TDM 40100: Project 06 - Classifiers - K-Nearest Neighbors (KNN) II

Project Objectives

In this project, we will learn about more advanced techniques for K-Nearest Neighbors (KNN), and continue building our KNN from scratch.

Learning Objectives
  • Learn about feature engineering

  • Learn about better ways to handle ties in KNN

Dataset

  • /anvil/projects/tdm/data/iris/Iris.csv

Questions

Question 1 (2 points)

In the previous project, we developed a KNN class that is able to classify new data points. If you completed the previous project, you should have a basic understanding of how a KNN works.

In this question, we will briefly recap last project’s code and concepts. Please run the following code to load the Iris dataset, scale the input features, and split the data into training and testing sets.

import pandas as pd
from sklearn.preprocessing import StandardScaler
from sklearn.model_selection import train_test_split

df = pd.read_csv('/anvil/projects/tdm/data/iris/Iris.csv')
X = df.drop(['Species','Id'], axis=1)
y = df['Species']

scaler = StandardScaler()
X_scaled = scaler.fit_transform(X)

X_train, X_test, y_train, y_test = train_test_split(X_scaled, y, test_size=0.2, random_state=42)

y_train = y_train.to_numpy()
y_test = y_test.to_numpy()

Then, please run the following code to import the KNN class. If you did the previous project, please use your own KNN class.
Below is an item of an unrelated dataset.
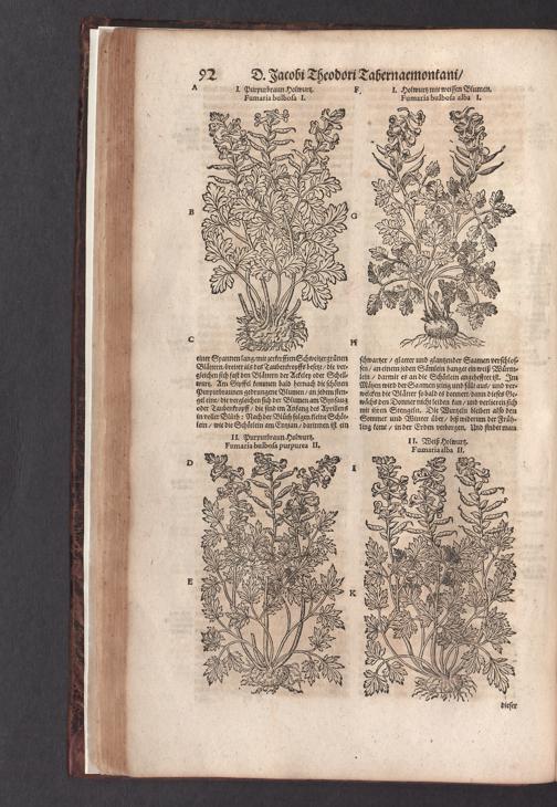 D. Jacobi Theodori Tabernaemontani, Neu vollkommen Kräuter-Buch : Darinnen Uber 3000. Kräuter/ mit schönen und kunstlichen Figuren/ auch deren Underscheid und Würckung/ samt ihren Namen in mancherley Sprachen/ beschrieben: Desgleichen auch/ wie dieselbige in allerhand Kranckheiten/ beyde der Menschen und des Viehs/ sollen angewendet und gebraucht werden/ angezeigt wird. Erstlichen durch Casparum Bauhinum D. und Profess. Basil. mit vielen neuen Figuren/ nutzlichen Artzneyen/ und anderem/ mit sonderem Fleis gebesseret/ Zum Andern Durch Hieronymum Bauhinum D. und Profess. Basil. mit sehr nutzlichen Marginalien, Synonimis, neuen Registeren und anderem vermehrt

If you did not complete the previous project, please use the following code to import the KNN class.

class KNN:
    def __init__(self, X_train, y_train):
        self.features = X_train
        self.labels = y_train

    def train(self, X_train, y_train):
        self.features = X_train
        self.labels = y_train

    def euc_dist(self, point1, point2):
        # short 1 line approach
        return sum((point1 - point2) ** 2) ** 0.5

    def classify(self, new_point, k=1):
        # sort the combined list by the distance from the point in the list to the new point
        nearest_labels = [x[1] for x in sorted(zip(self.features, self.labels), key=lambda x: self.euc_dist(x[0], new_point))[:k]]
        return max(set(nearest_labels), key=nearest_labels.count)

    def test(self, X_test, y_test, k=1):
        # short 1 line approach, efficent list comprehension
        return sum([1 for p in zip(X_test, y_test) if self.classify(p[0],k=k)==p[1]])/len(X_test)

To review the concepts of the KNN algorithm, please answer the following questions.

Deliverables
  • What is the purpose of the train function in the KNN class?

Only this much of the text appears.